- Born: January 22, 1947 (age 79) Tianjin, Republic of China
- Education: Yaohua School
- Occupation: Singer
- Years active: 1980–present
- Spouse: Zhang Peijun
- Children: Jiang Yi

Chinese name
- Traditional Chinese: 蔣大為
- Simplified Chinese: 蒋大为

Standard Mandarin
- Hanyu Pinyin: Jiǎng Dàweí
- Musical career
- Genres: Ethnic music
- Label: Yinhua Entertainment Culture

= Jiang Dawei =

Jiang Dawei (born January 22, 1947) is a Chinese folk singer, best known for a number of hit songs such as the theme song for the 1986 TV series Journey to the West. In 1968, he joined the Forest Trooper Art Troupe and began his singing career. In 1975, he joined the Beijing Central National Song and Dance Ensemble as a solo singer. He later became chairman of Central National Song and Dance Troupe, and the chairman of China Light Music Troupe.

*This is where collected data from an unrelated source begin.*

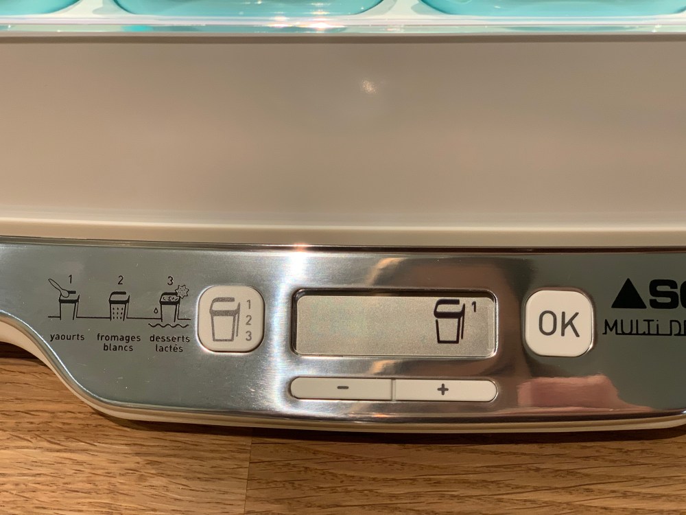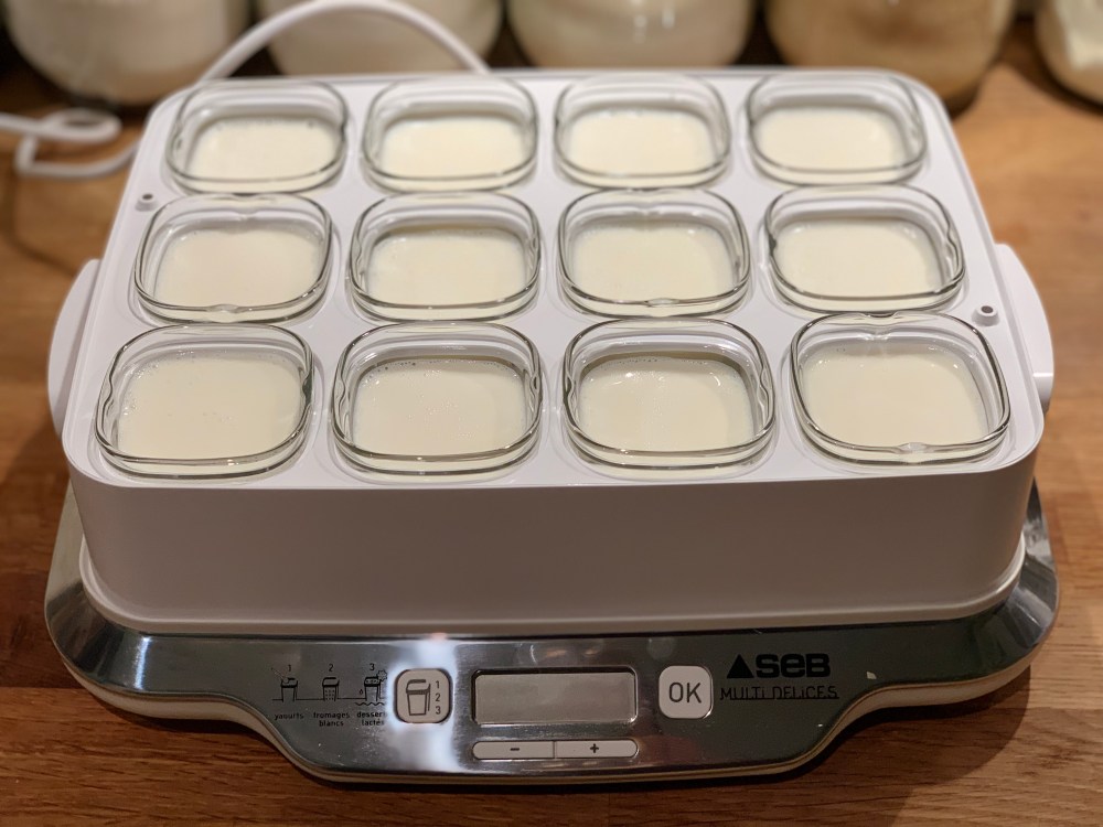J’ai acheté un modèle 12 pots (et heureusement pas 6, à la vitesse à laquelle ils partent!), il y a les programmes prévus pour y faire des yaourts, du fromage blanc, des crèmes dessert, des fromages frais… mais je m’en sers pour préparer la recette la plus basique qui soit: le yaourt au lait de vache.
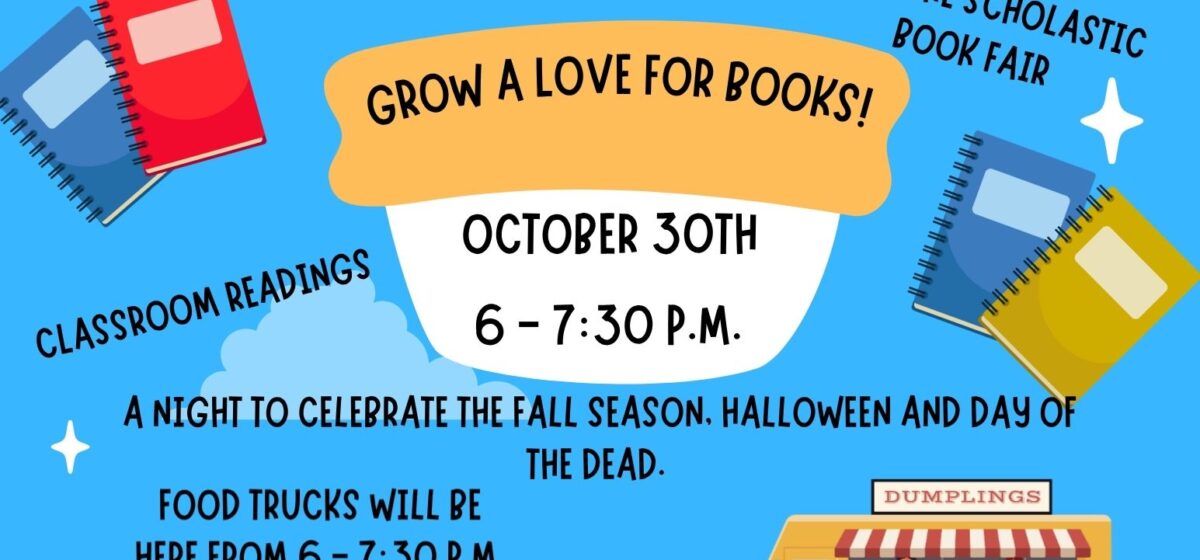 We will have fun activities, special readings, Scholastic Book Fair and yummy food trucks to purchase something delicious from 6-7:30pm.
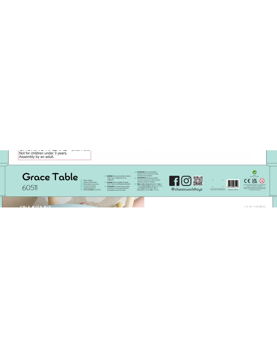 The Grace table from CLASSIC WORLD is the perfect table whose pastel design will complement any child's room. Simple , lightweight , and compact – designed with children in mind, it provides a space for hours of creative play! Eco- friendly !
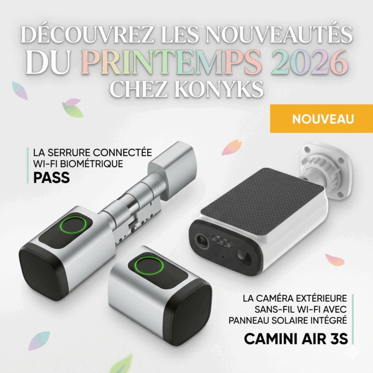 Heureusement, Konyks fait une promesse : vous offrir, via des objets connectés, le pouvoir de contrôler votre maison, de manière sûre et simple. Après le succès fulgurant de sa première nouveauté de l’année 2026 : la Camini AIR S360, puis de sa sonnette connectée DRINGG, Konyks vous fait découvrir deux nouveautés : une nouvelle caméra extérieure et la serrure connectée Wi-Fi biométrique.
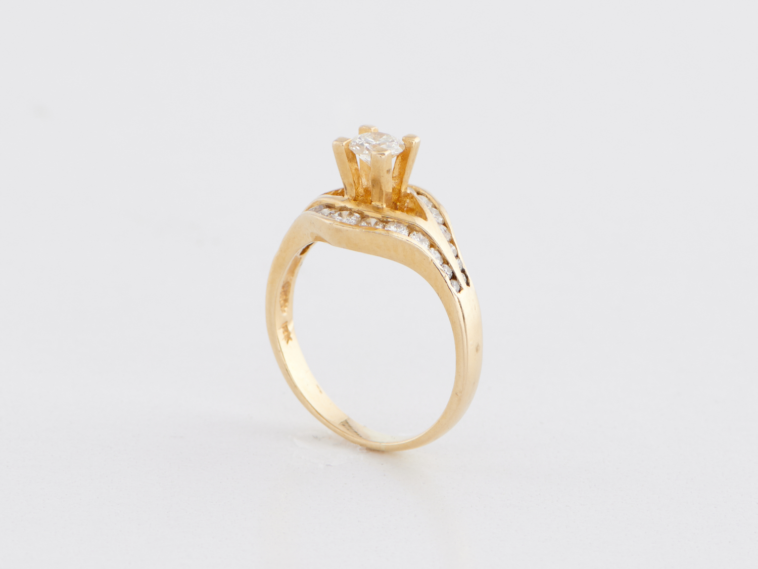 A DIAMOND SET RING IN 18CT GOLD, THE CENTRE DIAMOND WEIGHING APPROXIMALTEY 0.25CTS, APPROXIMATE RING SIZE H-I, APPROXIMATE WEIGHT 2.88GMS
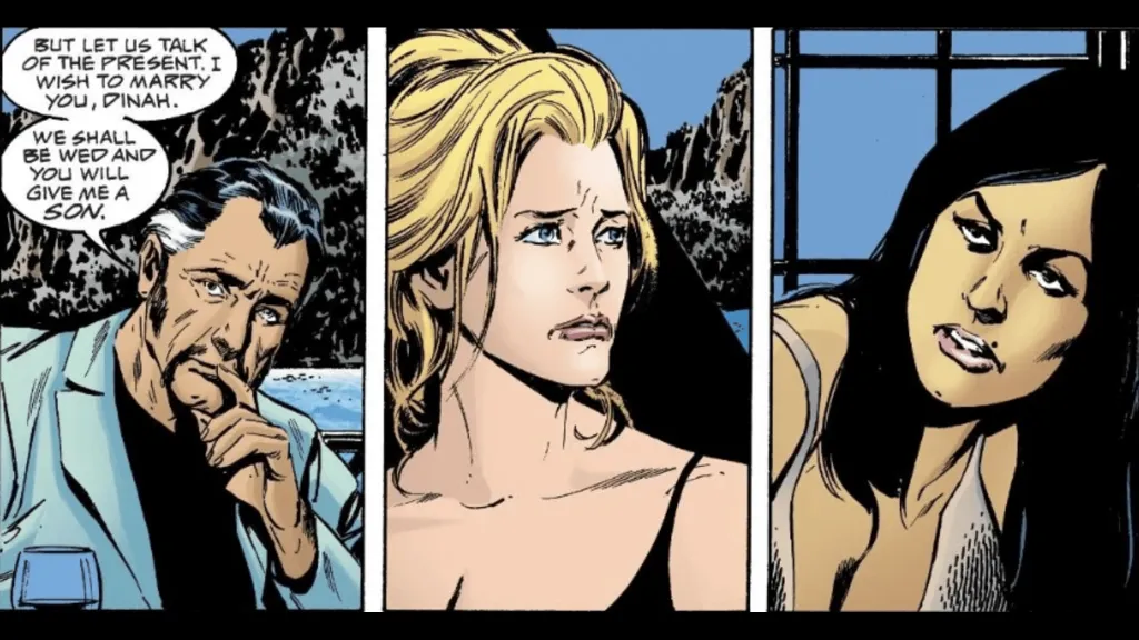 At this point, Ra’s was more than eager to take advantage of Dinah’s unique situation to try and convince her to be with him and even have children with him. At one point in Birds of Prey #33, Ra’s declares, “But let us talk of the present. I wish to marry you, Dinah. We shall be wed and you will give me a son.” Dinah and Talia, Ra’s cherished daughter, both have an astonished look on their faces as Dinah gets up from the table and walks away from the conversation. When they speak in private, Dinah tells her lover that she’s not unhappy about him asking her to be his wife, but because she can’t have children.
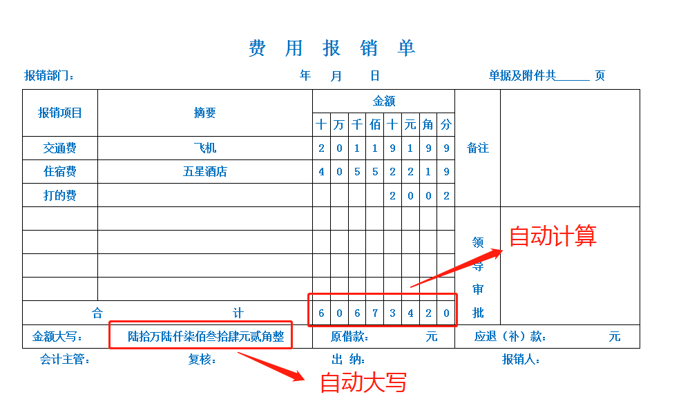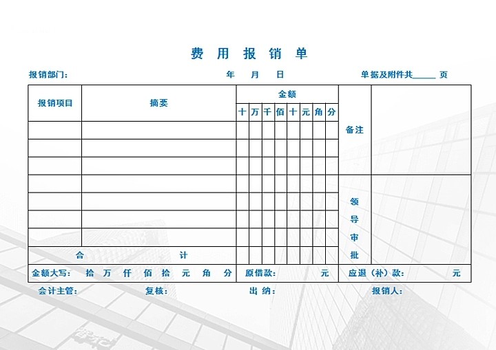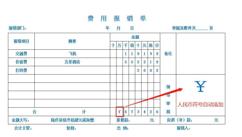 通用标准蓝色费用报销单excel电子模板自动计算汇总金额自动大写
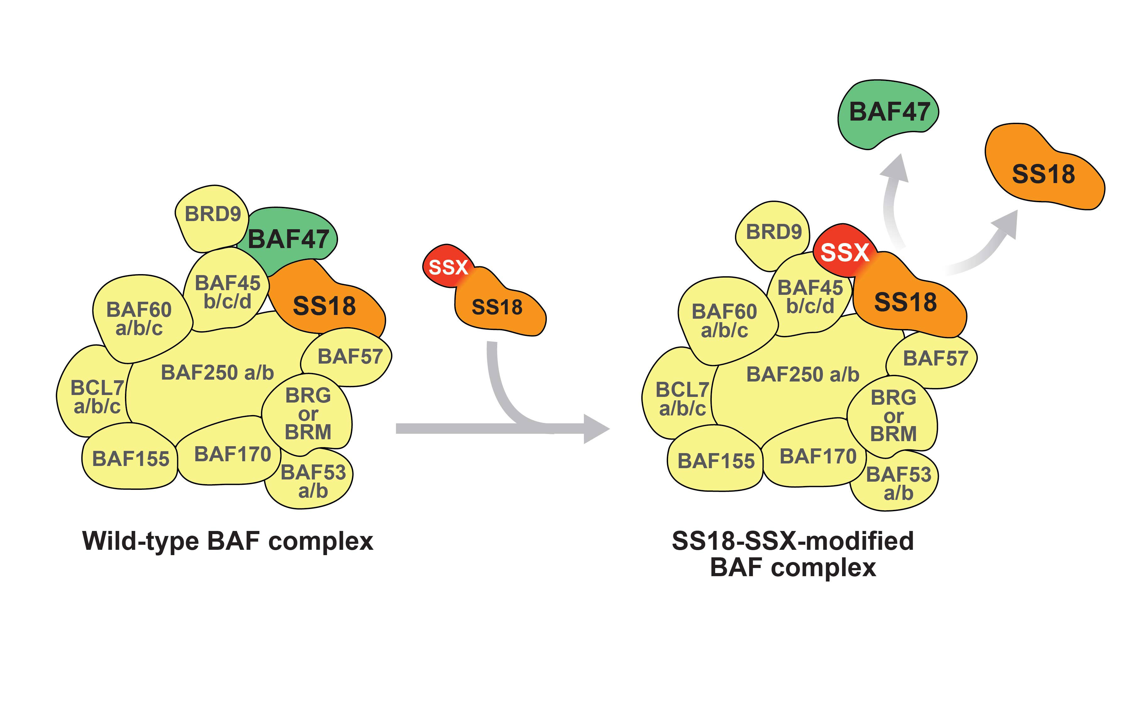 Figure 3 Relationship between SS18, SS18-SSX and the BAF complex. SS18 is an integral part of the wt BAF complex (left). The SS18-SSX fusion protein displaces wt SS18 and BAF47 within the complex (right).

Jiang Dawei has held concerts in the United States, Canada, Japan, Germany, Singapore, and Thailand.

==Personal life==
Jiang married Zhang Peijun (张佩君), who is a former solo singer in the Central Ensemble of National Minorities Songs and Dances. They have a daughter, Jiang Yi (蒋怡; born 1978), and she holds Canadian citizenship.